Scott’s 64 was one shot off the record for the lowest round ever posted in a major tournament. It was the first tournament for Scott after he asked former caddie Stevie Williams to return to his bag for the rest of the year.
“It was great to have him back on the bag this week,” Scott said. “Obviously, we have a great record in the big tournaments, and there is definitely something to that.”
Scott was joined at 3 under by Grace and Cameron Smith, who came within 4 inches of holing out with his second shot on the 18th hole.
Top-ranked Rory McIlroy made a mid-round charge with six birdies to reach 2 under and get within two shots of the lead. His momentum stalled when he sandwiched a par at the drivable par-4 16th with a pair of bogeys on par 3s.
“Post 4 under par, birdie those two holes coming in, then I thought I had a great chance,” McIlroy said. “When I look back … the last few holes of this golf course haven’t been kind to me all week. And when I look back at this tournament, that’s where I’ll rue some missed opportunities.
“I feel like it’s sort of one that got away, especially the way I putted this week. I don’t think I’ve ever hit the ball as well in a major championship.”

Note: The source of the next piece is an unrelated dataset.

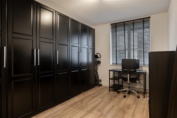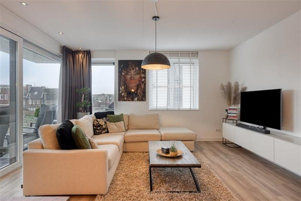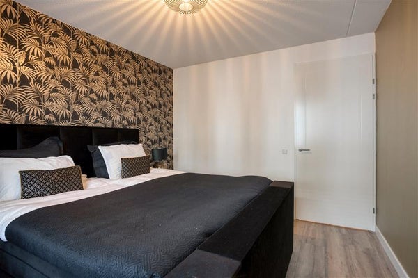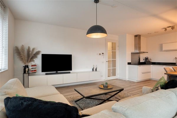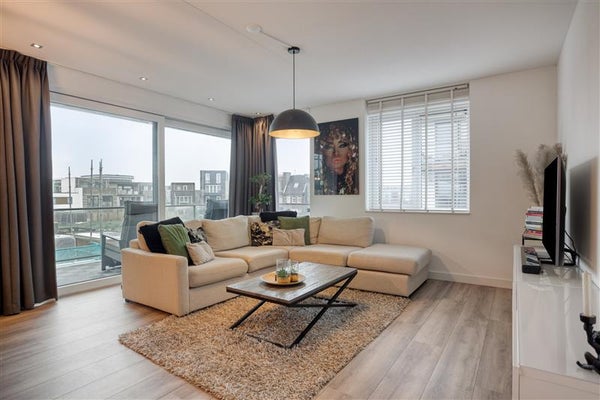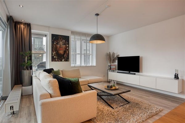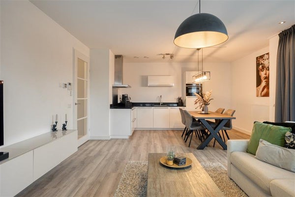 In het gehele appartement is gekozen voor een hoogwaardige laminaatvloer en strakke wanden, wat het moderne en uniforme karakter benadrukt.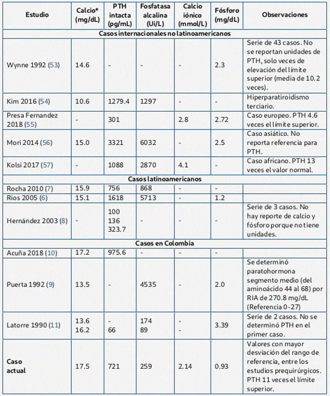 La tabla se presenta con énfasis regional y nacional. Se buscaron casos y series de casos mediante PubMed, BIREME-Lilacs y Google Escolar, con los términos MeSH y DeCS correspondientes: carcinoma, parathyroid OR parathyroid neoplasm. Se preferían series de casos, en su defecto se seleccionaron los casos que tuvieran los valores bioquímicos del perfil fosfocálcico.

The win also was special for Jordan Spieth’s caddie, Michael Greller, a former caddie at Chambers Bay who got married at the course two years ago. … Australian Jason Day, who held a share of the lead entering the final round despite battling vertigo since he collapsed on his final hole Friday, shot a 74 on Sunday to finish in a tie for ninth place at even par. … South African George Coetzee borrowed a driver from Alex Noren, who missed the cut, after the head of his driver snapped off while teeing off on the 10th hole. Coetzee was allowed to replace his club since it was broken during the normal course of play. … Brian Campbell finished as the low amateur for the tournament at 5-over 285 following a final-round 68. … Phil Mickelson finished in a tie for 64th after carding a final-round 73, his third over-par round after opening with a 69.